▶ _Required action_
Set down, exactly as written, the lines from the line holding "background of white" to the end of the data, inclusive, skipping any pictures.

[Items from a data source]
╔══

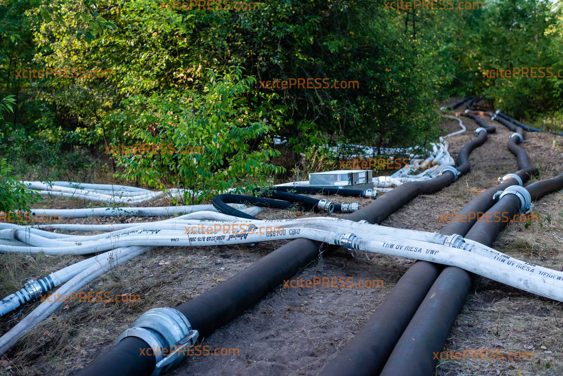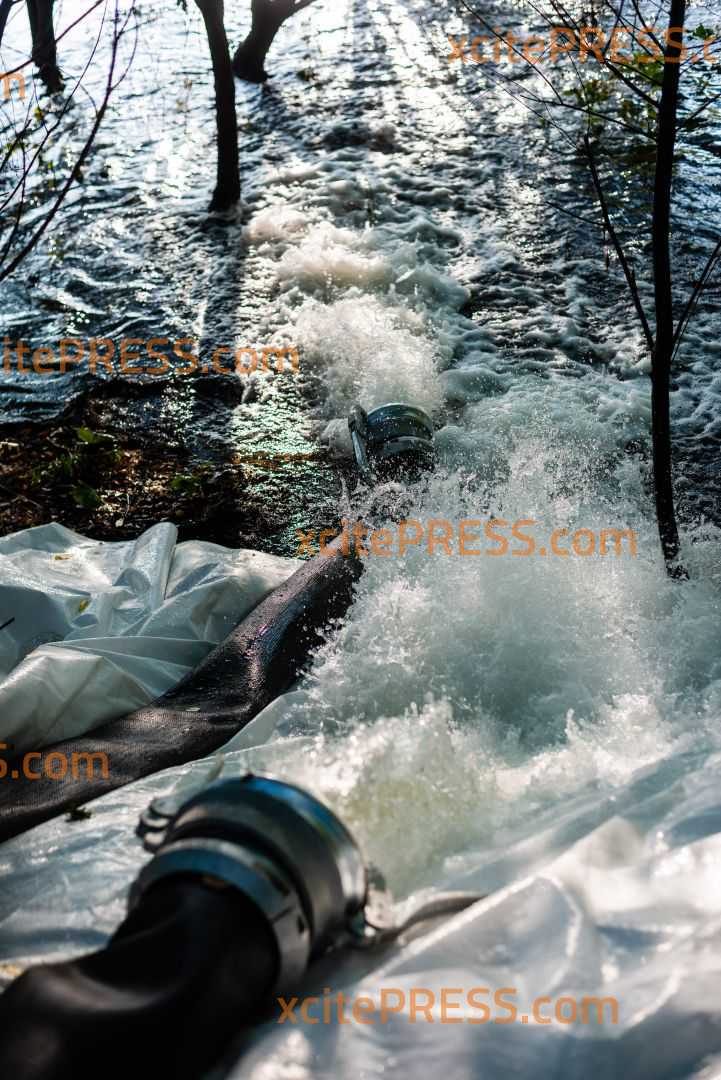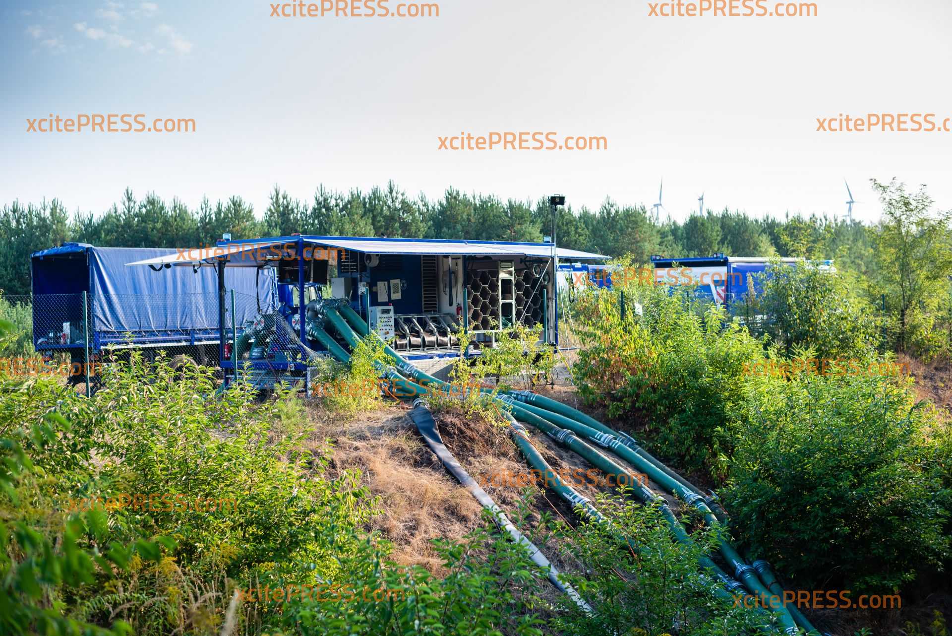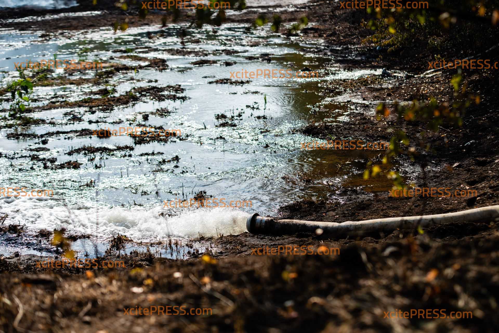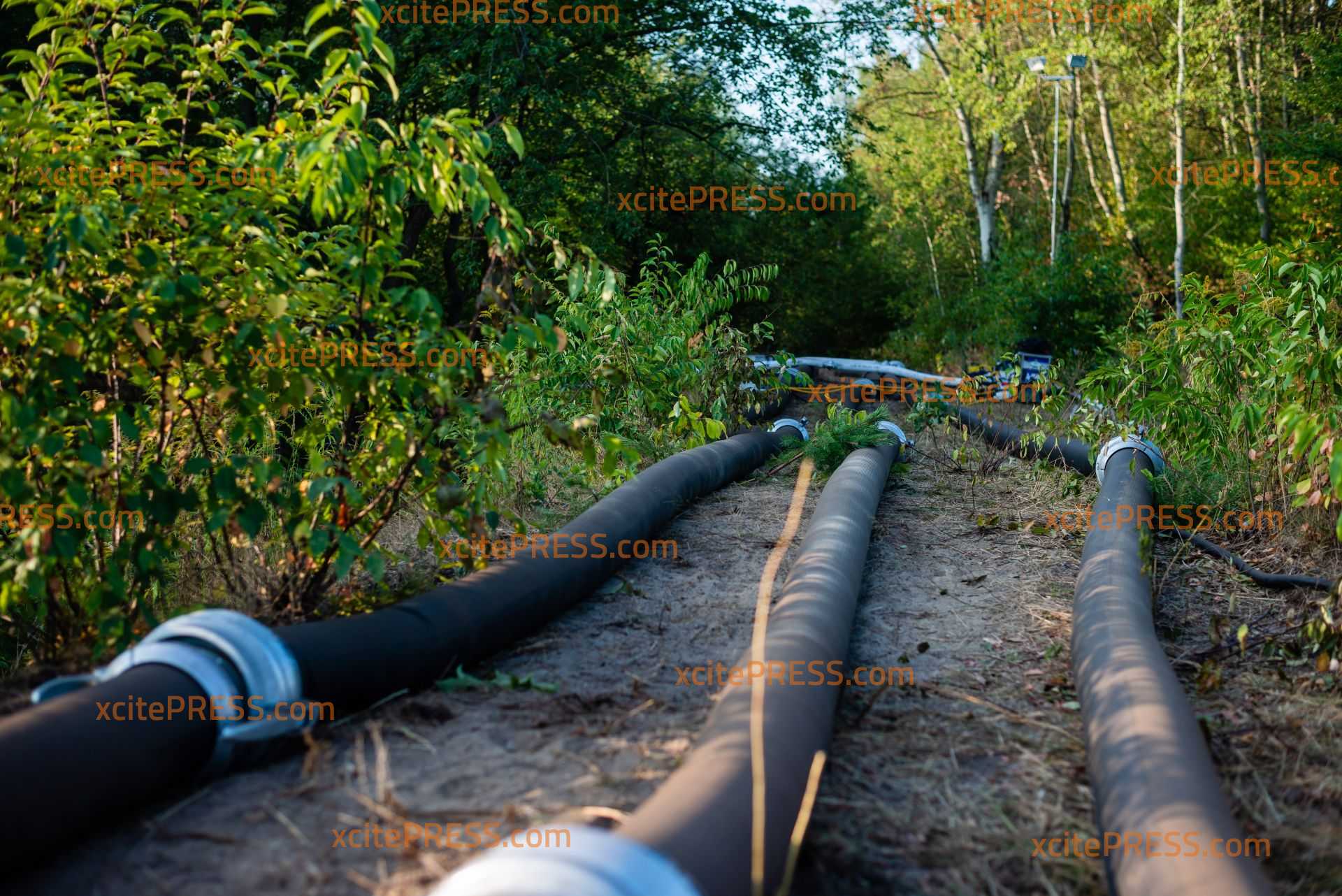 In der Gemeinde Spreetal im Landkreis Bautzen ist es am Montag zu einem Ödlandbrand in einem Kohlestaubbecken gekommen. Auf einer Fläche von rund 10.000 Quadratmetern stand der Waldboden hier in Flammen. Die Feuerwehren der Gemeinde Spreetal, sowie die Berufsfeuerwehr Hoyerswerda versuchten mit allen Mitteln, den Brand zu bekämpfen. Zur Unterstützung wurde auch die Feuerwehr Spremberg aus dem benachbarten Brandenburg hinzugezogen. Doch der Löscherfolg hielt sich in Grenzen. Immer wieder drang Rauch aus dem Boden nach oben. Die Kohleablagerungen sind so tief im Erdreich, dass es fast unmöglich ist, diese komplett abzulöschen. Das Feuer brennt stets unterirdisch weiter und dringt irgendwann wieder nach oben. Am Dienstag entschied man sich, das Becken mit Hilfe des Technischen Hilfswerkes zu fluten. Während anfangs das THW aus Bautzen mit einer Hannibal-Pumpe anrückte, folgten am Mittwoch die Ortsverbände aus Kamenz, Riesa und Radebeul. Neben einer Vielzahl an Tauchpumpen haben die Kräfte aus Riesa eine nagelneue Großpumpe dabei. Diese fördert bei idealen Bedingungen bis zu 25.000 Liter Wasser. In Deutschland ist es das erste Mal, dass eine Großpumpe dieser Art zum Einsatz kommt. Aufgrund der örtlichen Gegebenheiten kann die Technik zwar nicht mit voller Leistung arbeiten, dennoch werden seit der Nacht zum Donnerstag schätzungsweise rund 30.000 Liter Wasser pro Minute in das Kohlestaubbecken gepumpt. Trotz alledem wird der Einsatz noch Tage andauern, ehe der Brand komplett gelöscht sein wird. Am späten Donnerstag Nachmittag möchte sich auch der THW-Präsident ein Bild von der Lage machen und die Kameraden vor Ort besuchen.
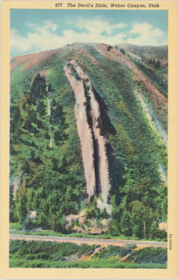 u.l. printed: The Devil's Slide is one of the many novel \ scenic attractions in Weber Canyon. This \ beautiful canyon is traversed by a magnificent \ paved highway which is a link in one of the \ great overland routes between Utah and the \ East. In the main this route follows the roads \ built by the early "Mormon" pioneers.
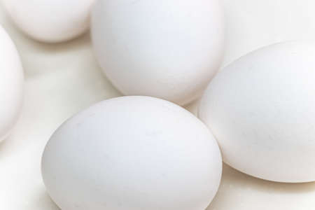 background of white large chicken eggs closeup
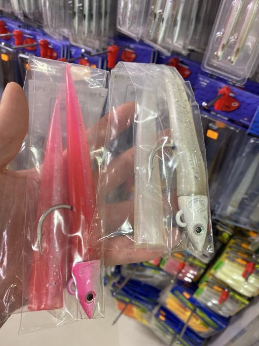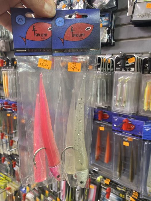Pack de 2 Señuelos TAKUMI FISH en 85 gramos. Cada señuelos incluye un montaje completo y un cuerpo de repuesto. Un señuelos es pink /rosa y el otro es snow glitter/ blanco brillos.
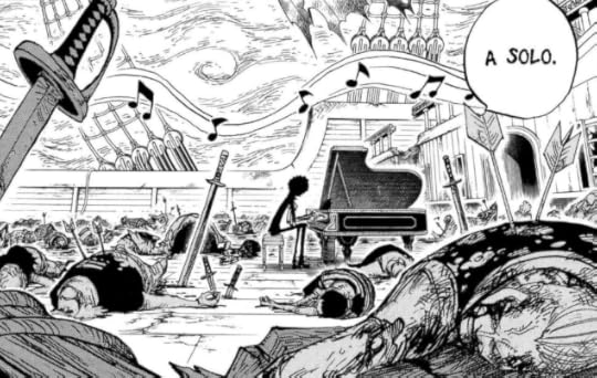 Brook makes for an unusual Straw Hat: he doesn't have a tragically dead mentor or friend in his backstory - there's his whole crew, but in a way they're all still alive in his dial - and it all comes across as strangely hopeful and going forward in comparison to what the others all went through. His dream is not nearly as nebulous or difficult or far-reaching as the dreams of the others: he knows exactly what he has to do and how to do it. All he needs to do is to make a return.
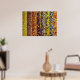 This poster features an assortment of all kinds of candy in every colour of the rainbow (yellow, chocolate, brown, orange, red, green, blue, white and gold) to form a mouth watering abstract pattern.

╚══

▶ _Response area_
 background of white large chicken eggs closeup
Pack de 2 Señuelos TAKUMI FISH en 85 gramos. Cada señuelos incluye un montaje completo y un cuerpo de repuesto. Un señuelos es pink /rosa y el otro es snow glitter/ blanco brillos.
 Brook makes for an unusual Straw Hat: he doesn't have a tragically dead mentor or friend in his backstory - there's his whole crew, but in a way they're all still alive in his dial - and it all comes across as strangely hopeful and going forward in comparison to what the others all went through. His dream is not nearly as nebulous or difficult or far-reaching as the dreams of the others: he knows exactly what he has to do and how to do it. All he needs to do is to make a return.
 This poster features an assortment of all kinds of candy in every colour of the rainbow (yellow, chocolate, brown, orange, red, green, blue, white and gold) to form a mouth watering abstract pattern.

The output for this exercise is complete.